Given material START
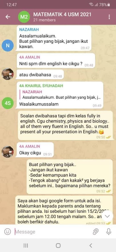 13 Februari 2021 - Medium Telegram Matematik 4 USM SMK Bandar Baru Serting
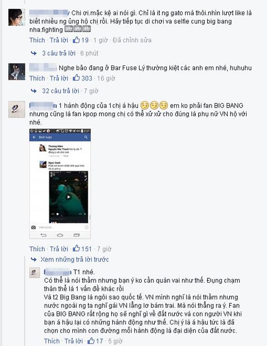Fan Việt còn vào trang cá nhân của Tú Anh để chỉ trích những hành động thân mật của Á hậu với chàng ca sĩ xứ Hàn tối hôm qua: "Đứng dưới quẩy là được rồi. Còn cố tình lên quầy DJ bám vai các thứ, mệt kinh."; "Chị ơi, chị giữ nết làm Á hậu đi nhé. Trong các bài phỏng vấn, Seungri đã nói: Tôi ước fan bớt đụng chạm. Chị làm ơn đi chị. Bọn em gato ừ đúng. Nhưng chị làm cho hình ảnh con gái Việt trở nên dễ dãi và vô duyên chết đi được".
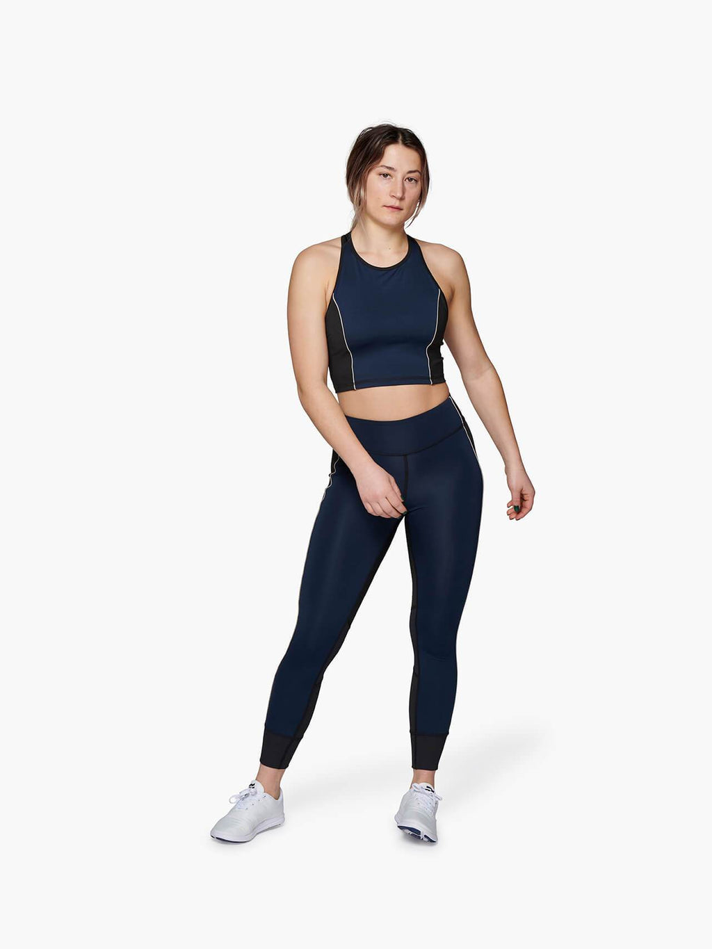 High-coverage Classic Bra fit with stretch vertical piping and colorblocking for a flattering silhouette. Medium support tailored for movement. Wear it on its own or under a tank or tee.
Given material END
Try it: A word-for-word copy of the listing is needed, with no pictures in it.

Your response:
 13 Februari 2021 - Medium Telegram Matematik 4 USM SMK Bandar Baru Serting
Fan Việt còn vào trang cá nhân của Tú Anh để chỉ trích những hành động thân mật của Á hậu với chàng ca sĩ xứ Hàn tối hôm qua: "Đứng dưới quẩy là được rồi. Còn cố tình lên quầy DJ bám vai các thứ, mệt kinh."; "Chị ơi, chị giữ nết làm Á hậu đi nhé. Trong các bài phỏng vấn, Seungri đã nói: Tôi ước fan bớt đụng chạm. Chị làm ơn đi chị. Bọn em gato ừ đúng. Nhưng chị làm cho hình ảnh con gái Việt trở nên dễ dãi và vô duyên chết đi được".
 High-coverage Classic Bra fit with stretch vertical piping and colorblocking for a flattering silhouette. Medium support tailored for movement. Wear it on its own or under a tank or tee.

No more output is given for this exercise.